The 2012 Act included a specific provision providing that reviews of each Joint Labour Committee (JLC) will be carried out by the Labour Court, as soon as practicable after the commencement of the Act, and at least once every 5 years thereafter.

In this context, the Labour Court completed its first review in April 2013.

The review assisted the Labour Court’s deliberations as to whether any JLC should be abolished, maintained in its current form, amalgamated with another JLC or have its establishment order amended. With regard to the Law Clerks JLC, the review found, following consultation with relevant parties in the sector, no economic justification for the retention of the JLC and it was abolished by Ministerial Order on January 28 2014 - .

While the ERO system was found to be unconstitutional and there is no longer a JLC for Law Clerks it should be borne in mind that workers that were covered by EROs before the July 2011 ruling, continue to be protected by their individual contracts of employment (employees have a contract of employment or terms of employment whether notified in writing or not).

Any change in an employee’s terms or conditions of employment would normally be by agreement between the parties. Such agreement can be expressed or implied, tacit or by acquiescence (i.e. it can be formally agreed, informally or verbally agreed or accepted by the employee).
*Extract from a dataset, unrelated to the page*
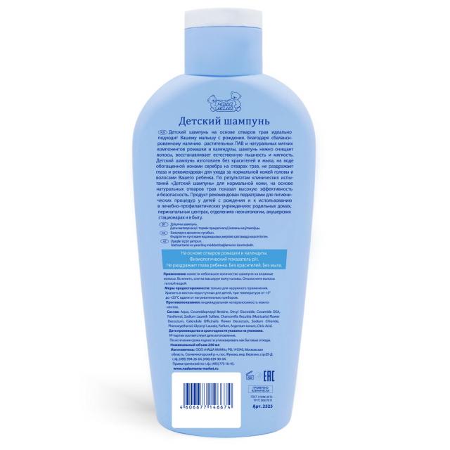 Детский шампунь на основе отваров трав серии "Наша мама" идеально подходит малышу с самого рождения. Благодаря сбалансированному наличию растительных ПАВ и натуральных мягких компонентов ромашки и календулы, шампунь нежно очищает волосы, восстанавливает естественную пышность и мягкость. Детский шампунь изготовлен без красителей и мыла, на воде обогащенной ионами серебра и на отварах трав. Шампунь не раздражает глазки ребенка, рекомендован для ухода за нормальной кожей головы. По результатам клинических испытаний «Детский шампунь» для нормальной кожи на основе натуральных отваров трав показал высокую эффективность и безопасность. Шампунь рекомендован педиатрами для ежедневных гигиенических процедур у детей с рождения и к использованию в лечебно-профилактических учреждениях: родильных домах, перинатальных центрах, отделениях неонатологии, акушерских стационарах и в быту. Применение: Нанести небольшое количество шампуня на влажные волосы, вспенить слегка массируя кожу головы. Ополоснуть волосы теплой водой. Меры предосторожности: Только для наружного применения. Хранить в местах недоступных для детей, при температуре от +5° до +25°С вдали от нагревательных приборов. Противопоказания: Индивидуальная непереносимость компонентов.

Furthermore, the amount of pay an employee receives is a matter for negotiation and agreement between the individual and the employer. This is subject only to the provisions of the National Minimum Wage Act, 2000. There is nothing to prevent employees reaching individual or collective agreements with employers on higher rates based on qualifications or other agreed criteria.

The questions raised in relation to the state contributory pension fall outside the remit of my Department and are proper to my colleague the Minister for Social Protection.